Statistics Canada released data and insights on October 3, 2024, highlighting these trends, as well as their impacts on key metro markets, including shrinking condo sizes, pre-construction sales, tax-driven building classification practices, and investor-related impacts, which are shaping these markets.
Source: Statistics Canada
Pre-Construction and Decline in Unit Sizes
In the condominium market, developers rely on pre-construction sales to secure financing for their projects. Because investors are heavy buyers in pre-construction sales, their preferences play a significant role in determining what type of units get built. As a result, developers are tending to focus on smaller units, as investors perceive them to generate higher returns.
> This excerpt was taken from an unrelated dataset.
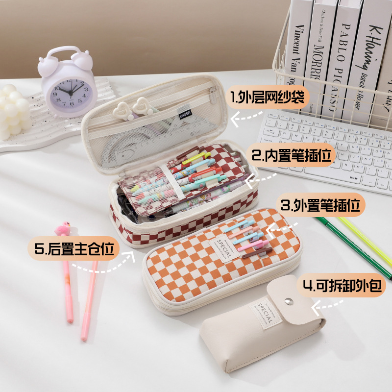 亚马逊跨境收纳笔袋大容量耐脏ins高颜值文具盒高级多功能铅笔盒
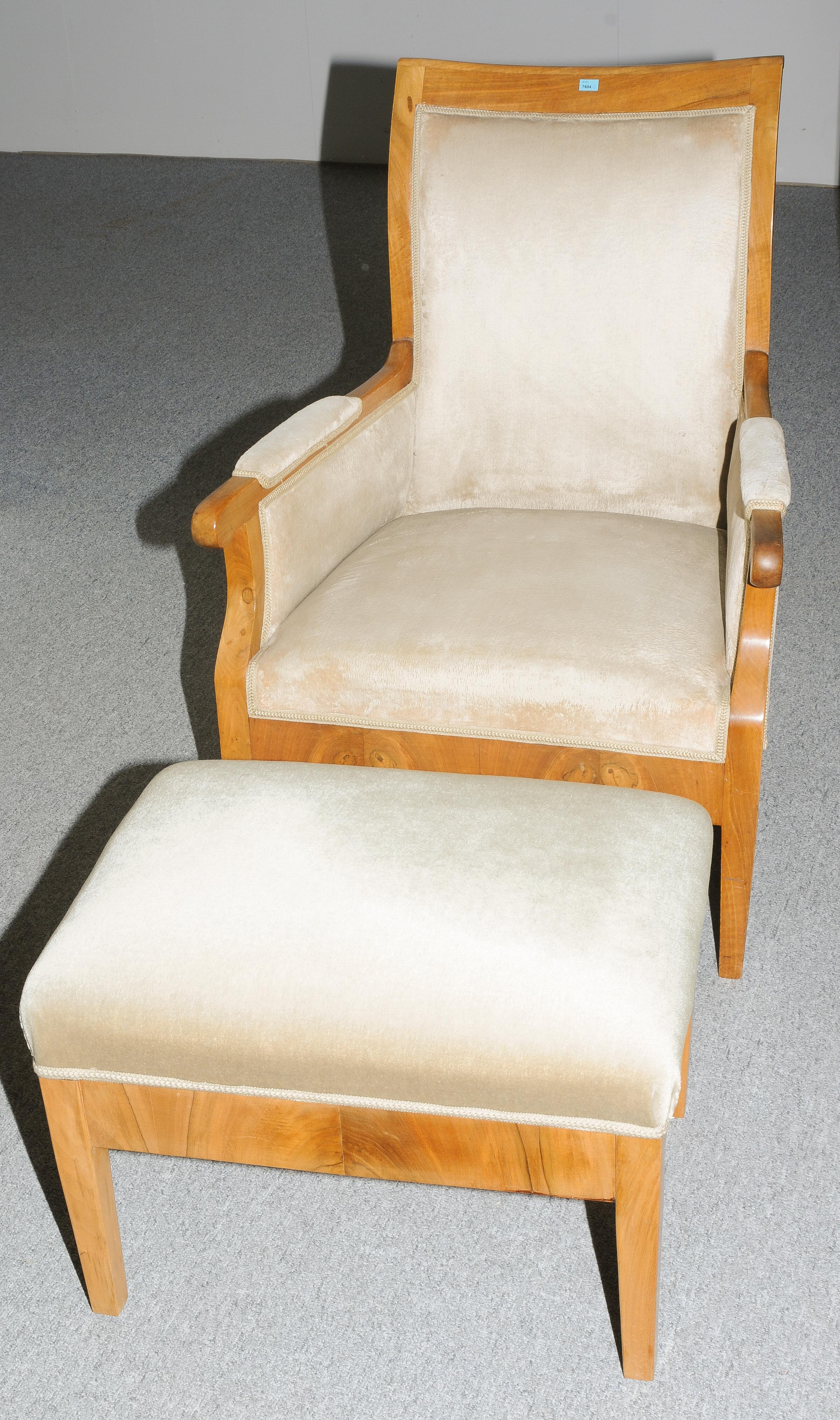 Biedermeier-Stil 20. Jh. Nussbaum. Trapezförmiges Gestell mit geschweiften Armlehnen, auf konischen Beinen. Bezug: Beige. Dazu passend ein Hocker: 56x41x40 cm. Gebrauchsspuren. 66x76x92 cm.

Smaller units often bring in higher rent per square foot, making them more appealing for rental income purposes.
In Toronto, this preference for smaller units is becoming evident, with nearly two-thirds of units under 600 square feet owned by investors in 2022. In contrast, less than half of the larger, 800-square-foot units were owned by investors, emphasizing the trend toward smaller properties.
In Toronto, the median size of newly built units has shrunk dramatically, from 947 square feet in the 1990s to just 640 square feet for units constructed after 2016. Vancouver has experienced a similar trend, with unit sizes decreasing from 912 square feet in the 1990s to 790 square feet for newer units.
Source: Statistics Canada
Tax Incentives and Investor Ownership
Also noted in the Statistics Canada release, is that the historical presence of tax incentives has driven the increase in investor ownership in some Ontario cities. These incentives enabled large apartment buildings to face lower municipal tax rates if they were split into distinct condominium units, rather than being treated as a single rental property. This led to a higher number of condominium apartments being used as investment properties, particularly in cities like London, Windsor, and Kitchener-Cambridge-Waterloo.
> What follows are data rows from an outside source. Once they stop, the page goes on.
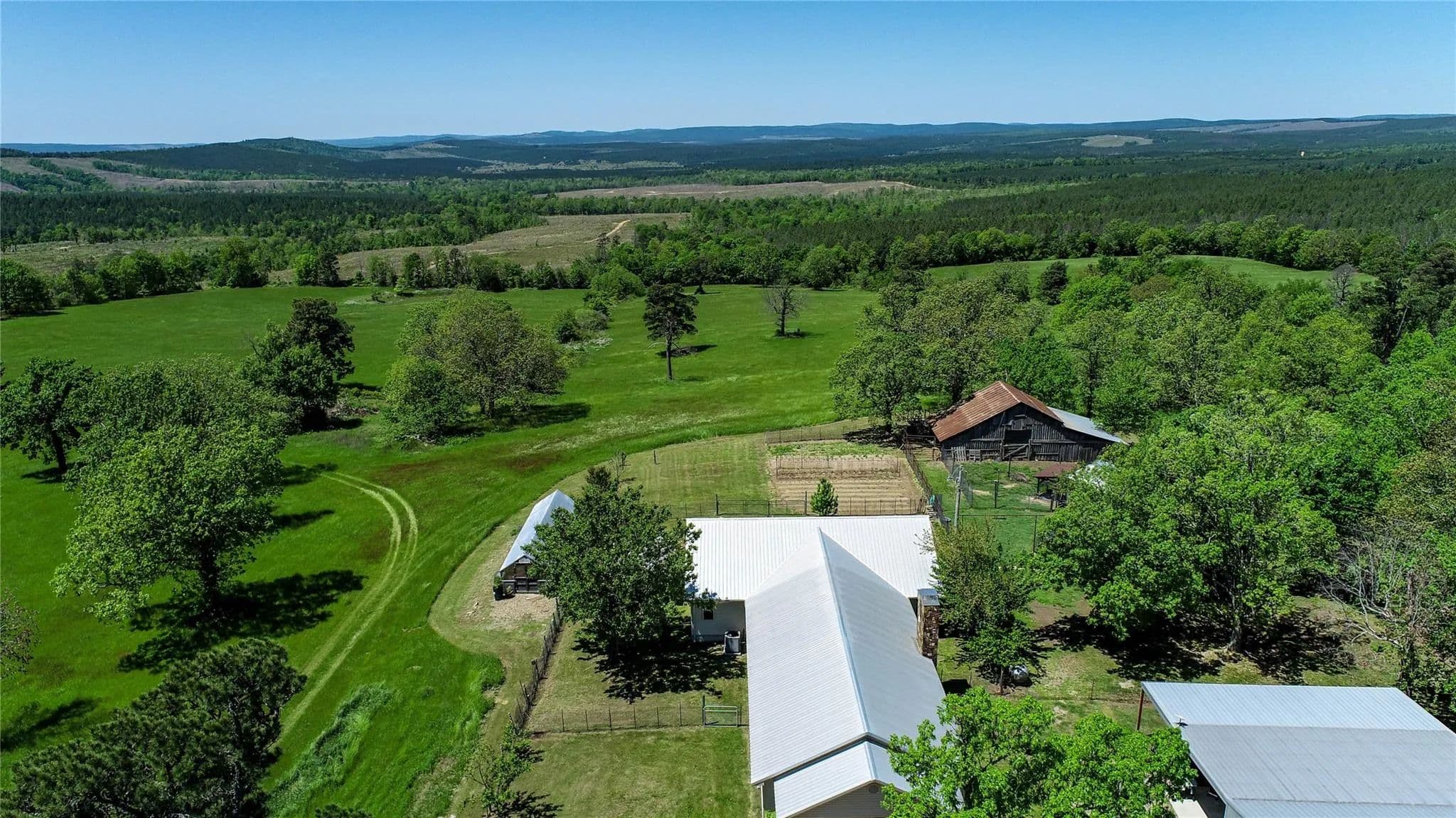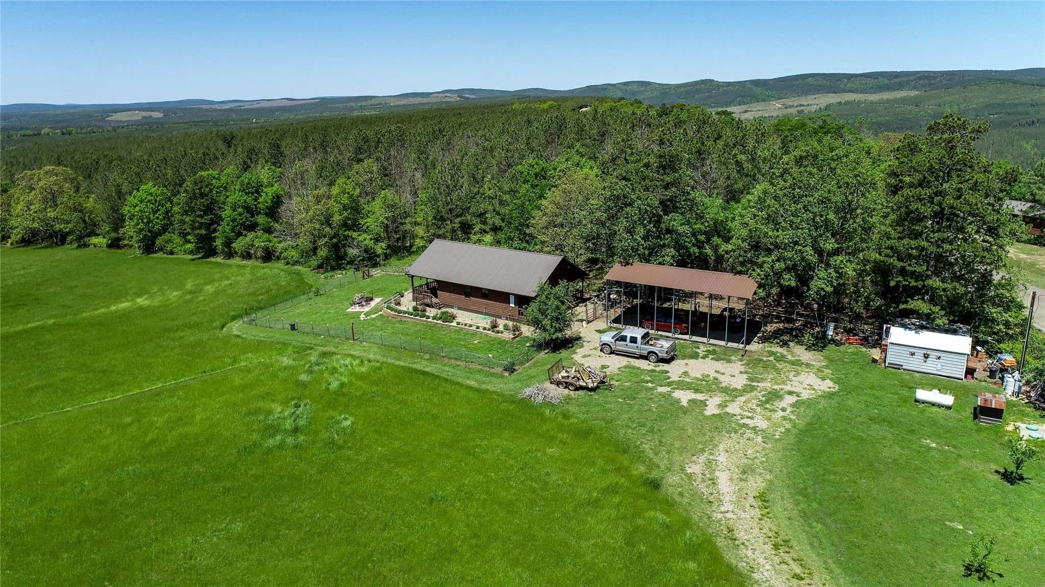 Rarely does a unique offering come available as the Bellissimo Tramonto Casa. Situated in the middle of the Three Rivers WMA, the ranch is a diverse property on the peak of Spring Mountain. Beautiful Mountain views, paved highway access, and secluded ownership make this property one-of-a-kind just 5 miles north of Hochatowns newest development. Enjoy your mountain home and professional grade commercial kitchen to entertain guests and family. The owner has spared no expense or forgot any appointments for the care of wildlife and comforts of rural living. Many amenities, improvements, and unique features go along with the sale including the newly renovated 2,750 sq ft main house, caretaker cabin and multiple shops. Experience the beauty of Kiamichi Wilderness and schedule your private tour today.
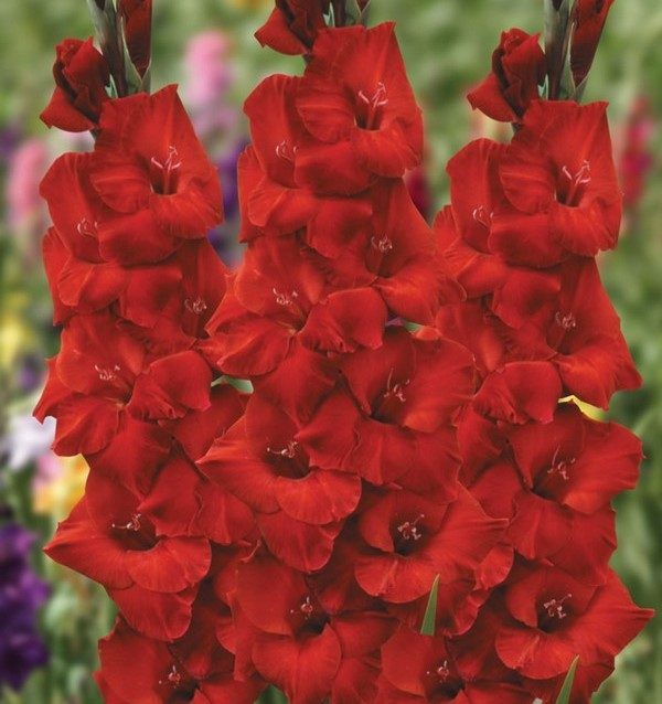 Гладиолус крупноцветковый "Рома" - это великолепное растение, которое поразит вас своей красотой и изяществом. Его стебель прочный и прямой, достигает внушительной высоты, а крупные цветки с красным оттенком и белым штрихом привлекут восхищенные взгляды окружающих. Листья гладиолуса имеют интересную форму, что делает его еще более привлекательным.
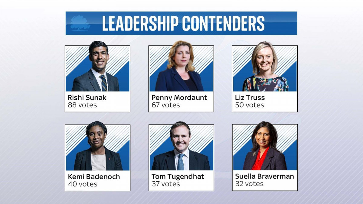 ކޮންޒަވޭޓިވް ޕާޓީގެ މެމްބަރުންގެ މެދުގައި ނެގި ވޯޓުގައި އެންމެ ކުރީގައި އުޅުއްވަނީ ރިޝީ ސުނާކް އެވެ. އޭނާއަށް 88 ވޯޓު ވަނީ ލިބިފައެވެ.
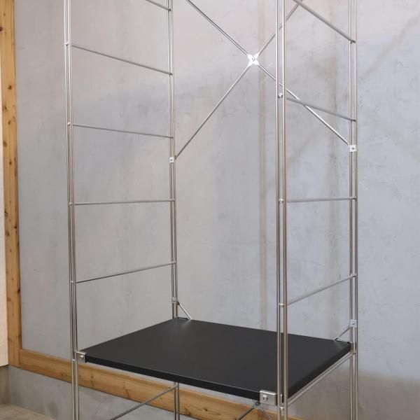 商品名  ステンレスユニットシェルフ/ダークグレー ワードローブバー付き
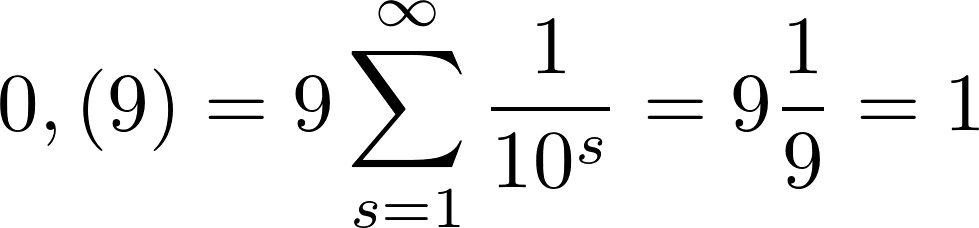 >>34395 Типа всё зависит от того, что мы считаем, что 9x10-1+9x10-2+... в двух случаях равны, а считаем мы это исходя из всей хуйни аксиоматической по идее.

In 2022, 85.5% of condominium apartments in London were owned by investors, far surpassing the provincial average of 43.5%. Windsor saw a similar trend, with 64.4% of units owned by investors, while Kitchener-Cambridge-Waterloo had an investor ownership rate of 60.7%.
Source: Statistics Canada
However, this pattern changes when excluding entire condominium apartment buildings owned by a single investor. Without these large-scale investor-owned buildings, the share of investor-owned condominium apartments in these cities drops closer to the provincial average.
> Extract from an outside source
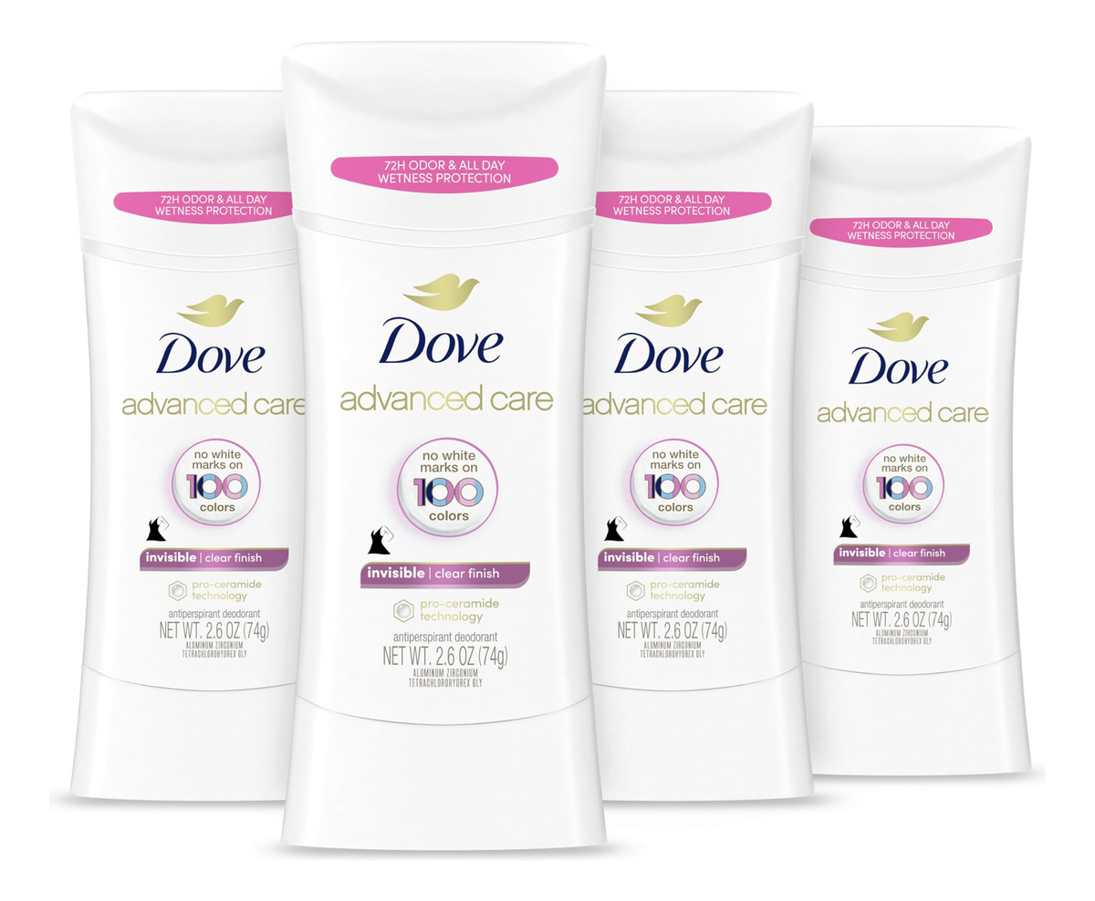 Desodorante antitranspirante Dove Advanced Care Stick Clear Finish Desodorante de 4 unidades que não mancha as roupas Controle de odores por 72 horas e proteção contra o suor durante todo o dia com a tecnologia Pro-Ceramide 2,6 onças – CUIDA E PROTEGE: desodorante antitranspirante Dove Advanced Care Invisible Care Invisible Care para uma pele lindamente macia e resiliente – Proteção duradoura: desodorante antitranspirante com controle de odor e 72 horas proteção contra suor durante todo o dia – ANTITRANSPIRANTE ANTIMANCHAS: desodorante antitranspirante invisível testado em 100 cores – FÓRMULA DE CUIDADO: formulado com pró-ceramida Tecnologia para ajudar a reparar a barreira cutânea após o barbear – FRESH FRAGRANCE: desodorante antitranspirante com aroma cintilante de abacaxi, pera e rosa

The phenomenon of classifying large apartment buildings as separate condominium apartments for tax benefits is not as prevalent in Toronto. The share of investor-owned condominium apartments in the Toronto Census Metropolitan Area (CMA) has remained stable, with approximately four in ten properties being investor-owned. The stability of investor ownership in Toronto contrasts with the higher rates seen in some other Ontario cities.
Vancouver has followed similar trends to Toronto when it comes to investor ownership. The market continues to see strong investor interest, particularly in smaller condominium units. This reflects a broader pattern seen across both cities, where developers have responded to investor demand by building more compact living spaces.